Here the ICBE-EMF presents a scientific rebuttal to Karipidis et al. (2024b).
Incorrect and misleading statements made by Karipidis et al. (2024b) in response to the Commission’s critique of their SR on RF-EMF exposure and cancer, include the following:
1) Karipidis et al. (2024b) claim “we were comprehensive and transparent in our systematic review and meta-analytic approach.”
However, their presentations of the data on cumulative call time were based on “dose-response meta-analyses” methodology published by one of the authors of this SR. Yet, the Karipidis et al. (2024a) paper only provides graphs of the predicted dose-response relationships, without showing the model and its parameters, analyses of parameter sensitivity and statistical fit of the model to the data, as well as analyses of alternative dose-response approaches.

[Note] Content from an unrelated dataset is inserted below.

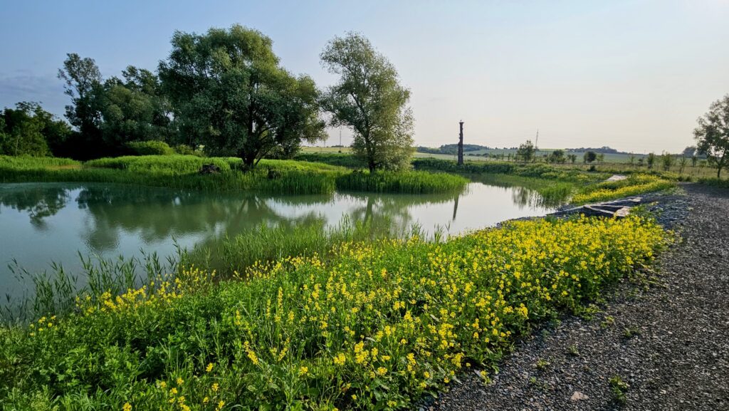 Projekt byl dokončen v březnu 2025 po více než ročním stavebním procesu. Původně se na lokalitě nacházela bažina, která byla mezi válkami a v 50. letech 20. století meliorována. Voda byla svedena do rybníka, který však nikdy pořádně nefungoval a pravidelně vysychal. Postupně zarostl rákosem a ztratil svou původní funkci.

The latter point is important since numerous meta-analyses have reported statistically significant increases in brain tumor risk associated with exposure to RF-EMF emissions from mobile phones. There was no mention of whether latency, a critical aspect in cancer assessments, was factored into their analyses. In other words, Karipidis et al. (2024a) expect the reader to accept their graphical presentation of the data without providing any supportive analyses on the certainty of the model outcome. Thus, the paper was not transparent in reporting its dose-response meta-analyses methodology.
2) Karipidis et al. (2024b) claim “there are no links between any of the authors in our systematic review and the telecommunications industry,” and that several of the letter’s (Frank et al., 2024a) co-authors have undeclared conflicts of interest.”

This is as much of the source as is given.